Item 1. Changes in Control of Registrant.

         On July 1, 1999, SecurFone America, Inc., a Delaware corporation
("SecurFone"), acquired all of the capital stock of IXATA, Inc., a privately
held California corporation ("IXATA"), from the Gluckman Family Trust,
Andreoli Family Trust, Robert A. Steiner and the remaining shareholders of
IXATA (collectively, the "IXATA Shareholders"), for 4,500,000 shares of
newly-issued common stock, $0.001 par value per share (the "Shares"), of
SecurFone. The IXATA Shareholders are the owners of approximately 41.8 % of
the outstanding Shares. For purposes of Federal securities laws, the above
transaction may be deemed a change in control of SecurFone. The stock
purchase agreement is attached to this Form 8-K as Exhibit 2.1 and is
incorporated herein by reference.

         Concurrently with the closing, SecurFone entered into a voting
agreement (the "Voting Agreement") with certain of its stockholders listed on
the signature page thereof (collectively, the "Stockholders"), effective July
1, 1999, that provides that to the extent that any of the Stockholders is the
legal or beneficial owner of any shares of voting stock of SecurFone, they
will vote those shares (1) in favor of electing to the Board of Directors of
SecurFone, Michael M. Grand, Paul B. Silverman and Andrew H. Kent (so long as
each desires to serve) or their respective replacement appointed by Mr.
Grand; and (2) in favor of electing to the Board of Directors of SecurFone,
Fred Gluckman, Robert A. Steiner and Paul Hatch (so long as each desires to
serve) or their respective replacement appointed by vote or consent of a
majority of the Shares held by the IXATA Shareholders. The Voting Agreement
will terminate on the first to occur of: (1) the mutual written agreement of
all of the parties to terminate the Voting Agreement; (2) the death or
dissolution of the last of certain parties to the Voting Agreement; (3) the
sale of 80% or more of the outstanding capital stock of SecurFone; (4)
certain parties to the Voting Agreement cease to collectively own at least
25% of the outstanding voting stock of SecurFone on a fully diluted basis; or
(5) the fifth anniversary of the Voting Agreement. The Stockholders have
shared power to vote, or to direct the voting of, approximately 84% of the
Shares. This description of the Voting Agreement is not and does not purport
to be complete and is qualified in its entirety by reference to the Voting
Agreement. The Voting Agreement is attached to this Form 8-K as Exhibit 4.1
and is incorporated herein by reference.

Item 2.  Acquisition or Disposition of Assets.
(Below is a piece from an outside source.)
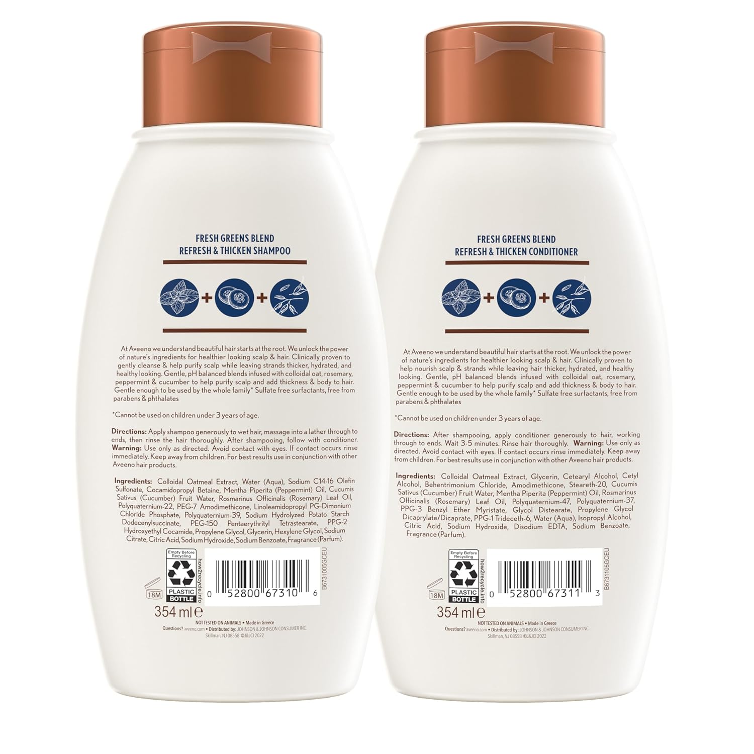 Aveeno Fresh Greens Shampoo + Conditioner With Rosemary, Peppermint & Cucumber To Thicken & Nourish, Clarifying & Volumizing Shampoo For Thin Or Fine Hair, Paraben-Free, 12 Fl Oz, 2 Count (Pack Of 1)

         On July 1, 1999, SecurFone acquired all of the capital stock of
IXATA from the IXATA Shareholders for 4,500,000 Shares.

         IXATA, located in San Diego, California, is a telecommunication
service company providing Internet-based purchasing systems designed to
assist the travel industry in negotiating and administrating automated
preferred lodging programs. IXATA is now being operated as a subsidiary of
SecurFone.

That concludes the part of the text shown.